The Art of Science: The Rediscovery of the Lister Copperplates

(Lecture, 19 September 2012)

Anna Marie Roos, author of “Web of nature: Martin Lister 1639-1712), the first arachnologist”  introduced the copperplates, shells, drawing and printed pictures in the Bodleian Library’s temporary display of material from the library and personal papers of Martin Lister (1639-1712).

This display took advantage of Lister’s bequest to the University of Oxford of over 1000 copper plates made to illustrate his great work on conchology — the study of molluscs — printed privately during the 1680s and 1690s. The original copper plates, from which the printed illustrations were made, are now kept in the Bodleian Library, Department of Special Collections.

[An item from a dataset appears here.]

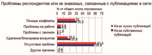 • Более чем у трети респондентов были проблемы (преимущественно личные конфликты) из-за их собственных публикаций в Сети.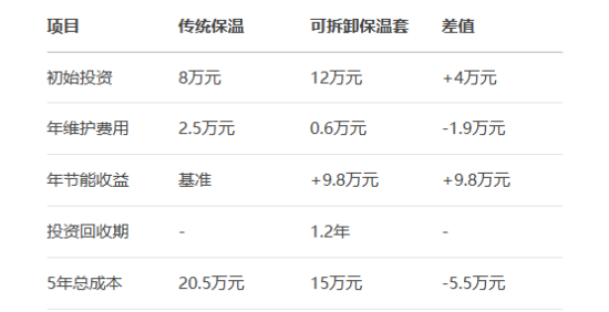 數(shù)據(jù)表明,雖然初始投資高50%,但可拆卸方案可在14個月內(nèi)通過節(jié)能收益收回差價。

Lister’s own attention to the classification and dissection of molluscs made this a widely respected work which, much later, Charles Darwin still consulted. The success was not Martin Lister’s alone, for the illustrations were made by his daughters, who drew the shells and dissected specimens and engraved the copper plates for this work, an example of women’s contribution to scientific knowledge during the age of the scientific revolution.

The pattern of Lister’s correspondence, some of which is also in the Bodleian Library, is shown here in the beta version of “Early Modern Letters Online”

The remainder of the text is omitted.